GBO-3 sets out a number of elements that could be considered in a future strategy to reduce biodiversity loss, and avoid the worst impacts of the scenarios analyzed in the Outlook. It is likely to form the basis of discussion of the strategic plan currently being considered for the next decade of the Convention on Biological Diversity, and due to be agreed at the 10th meeting of the Conference of Parties to the CBD in Nagoya, Japan, in October 2010. The elements include:
  • Continued and intensified direct intervention to reduce loss of biodiversity, for example through expanding and strengthening protected areas, and programmes targeted at vulnerable species and habitats;
  • Continued and intensified measures to reduce the direct pressures on biodiversity, such as preventing nutrient pollution, cutting off the pathways for introduction of alien invasive species, and introducing more sustainable practices in fisheries, forestry and agriculture;
  • Much greater efficiency in the use of land, energy, fresh water and materials to meet growing demand from a rising and more prosperous population;
  • Use of market incentives, and avoidance of perverse subsidies, to minimize unsustainable resource use and wasteful consumption;
  • Strategic planning to reconcile development with the conservation of biodiversity and the maintenance of the multiple services provided by the ecosystems it underpins;
  • Restoration of ecosystems to safeguard essential services to human societies, while recognizing that protecting existing ecosystems is generally much more cost-effective than allowing them to degrade in the first place;
  • Ensuring that the benefits arising from the use of and access to genetic resources and associated traditional knowledge, for example through the development of drugs and cosmetics, are equitably shared with the countries and cultures from which they are obtained;
  • Communication, education and awareness-raising to ensure that as far as possible, everyone understands the value of biodiversity and what steps they can take to protect it, including through changes in personal consumption and behavior.

Notes:

1. Global Biodiversity Outlook 3 (GBO-3), like its two predecessors published in four-yearly intervals since 2002, results from a decision of the Conference of Parties to the CBD (see Note 2 below). It is the product of close collaboration between the Secretariat of the CBD and the United Nations Environment Programme’s World Conservation Monitoring Centre (UNEP-WCMC).

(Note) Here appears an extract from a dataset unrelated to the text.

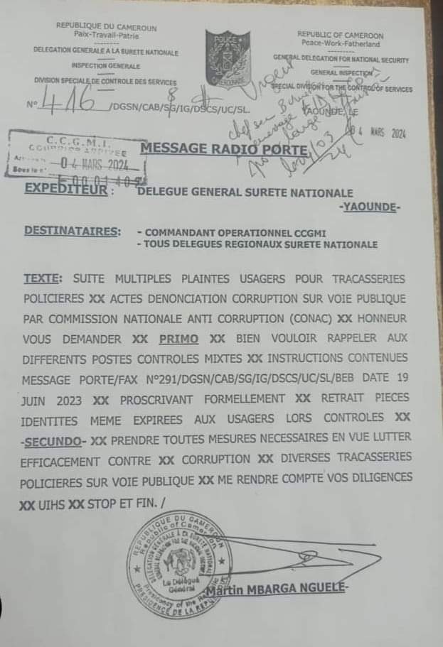 Actualité Infos a la une Société Martin Mbarga Nguele rappelle l’interdiction de retirer les pièces d’identité aux usagers proxima@proximainfo.net 6:32 am Partager sur : Vues : 1 409 Le délégué général à la Sûreté nationale fait ce rappel dans un message adressé à ses collaborateurs des services centraux et régionaux de la police. Voici le communiqué Publicité Publicité Proxima Info Publicité PartagezTweetezPartagez0 Partages Post navigation Previous: JIF 2024 : Entretien avec Claire Natacha Njoh Ellong .Next: Douala – JIF 2024 : Le cas des Femmes dans le contexte conjugal , revisité par la CUD. Plus d'articles Actualité Infos a la une Sport 🇨🇲 Arts martiaux: Le Cameroun termine en tète du classement des nations de l’African Open de Judo « Yaoundé 2025 ». proxima@proximainfo.net 2:23 am Actualité Culture Infos a la une 🇨🇲 LA 110E ÉDITION DE LA FÊTE BATANGA : UN APPEL À LA MOBILISATION proxima@proximainfo.net 6:35 am Actualité Infos a la une Société 🇨🇲 LA 4ème ÉDITION DU FESTIVAL MANGANDO À DOUALA : UN RENDENZ-VOUS CULTUREL À NE PAS MANQUER. proxima@proximainfo.net 3:45 am
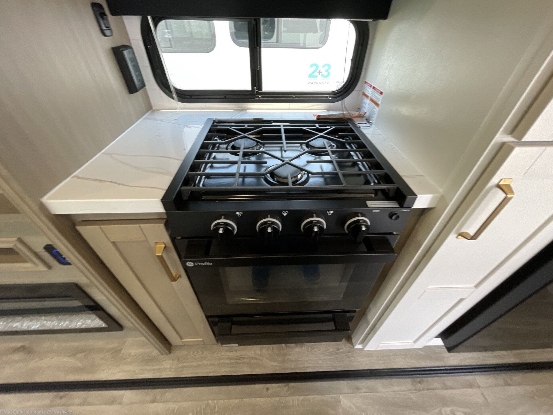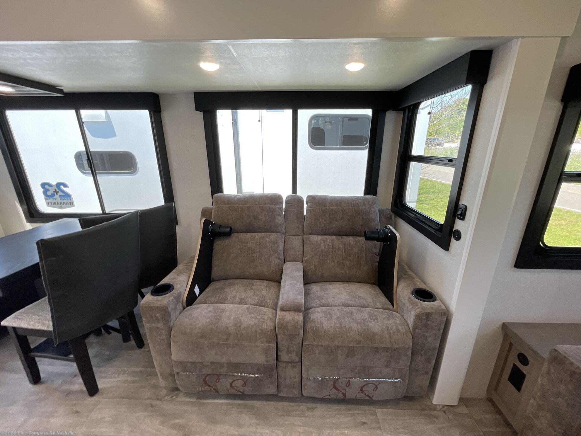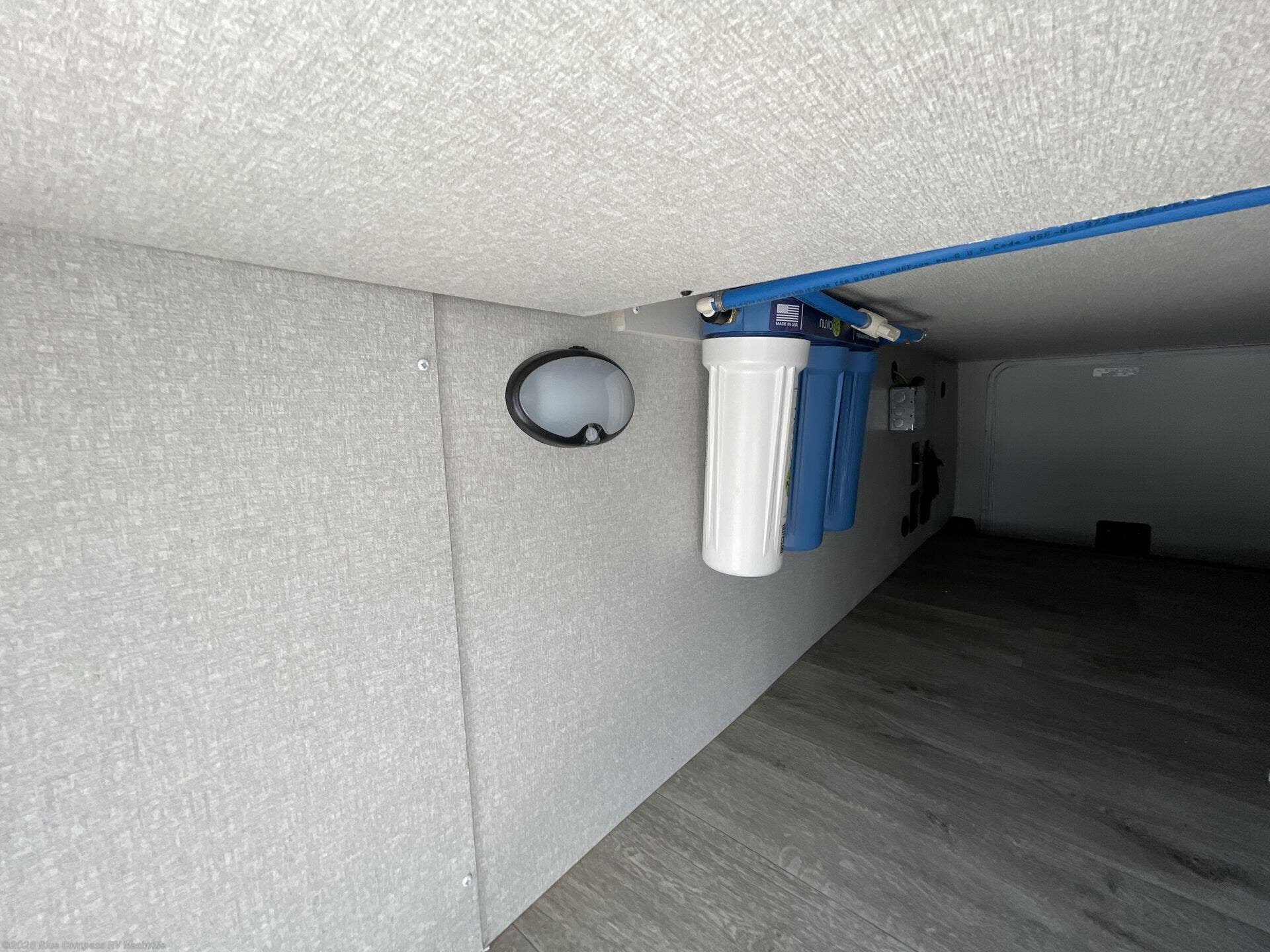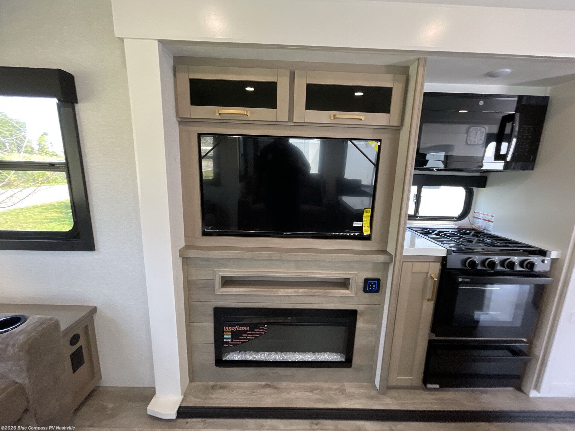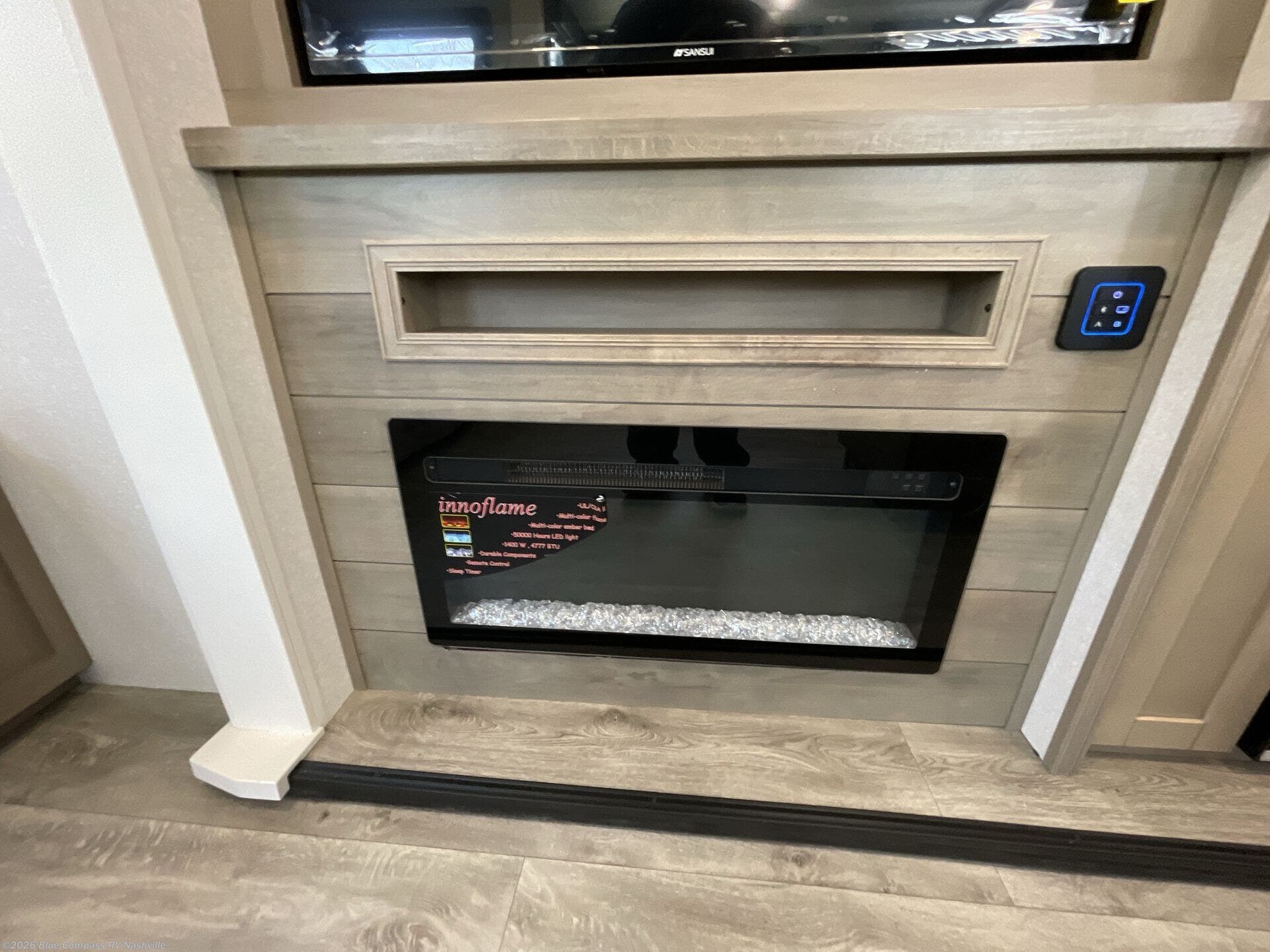 You will feel right at home camping in this travel trailer! It features a front private bedroom with an Olympic queen bed slide for more interior space, a dresser, a front wardrobe to hang your clothes, and a wardrobe that is prepped to add an optional washer and dryer. Start each morning getting squeaky clean in the full bathroom with the shower and then head to the kitchen to fry up some eggs on the stainless steel range. The kitchen island with a multi-functional sink will help make meal prepping easier too, plus there is a hutch to store your dishes. Enjoy a relaxing evening by the fireplace and watch your favorite movie with the entertainment center while sitting on either the rear tri-fold sofa or the theater seating!

The Outlook has been produced according to a transparent, rigorous process of review. Two separate drafts were made available for review via the Internet during 2009, and comments from some 200 reviewers were considered. The whole production has been supervised by an Advisory Group, and the second draft was subjected to scientific review by a panel comprising leading scientists from governments, inter-governmental bodies and non-governmental organizations. The principal sources on which GBO-3 is based include:
  • An analysis of the current status and trends of biodiversity, carried out by the Biodiversity Indicators Partnership, a network of organizations coordinated by UNEP-WCMC;
  • A study of scenarios and models regarding biodiversity in the 21st Century, involving a wide range of scientists under the auspices of the Diversitas network and UNEP-WCMC. This study, “Biodiversity Scenarios: Projections of 21st Century Change in Biodiversity and Associated Ecosystem Services” has also been launched on 10 May and is available at www.cbd.int/gbo3;
  • Some 500 peer-reviewed scientific journal articles and assessments from inter-governmental and non-governmental bodies reviewed for the Outlook;
  • 110 national reports on biodiversity submitted by governments to the CBD.
The publication of GBO-3 was enabled by financial contributions from Canada, the European Union, Germany, Japan, Spain and the United Kingdom, as well as UNEP.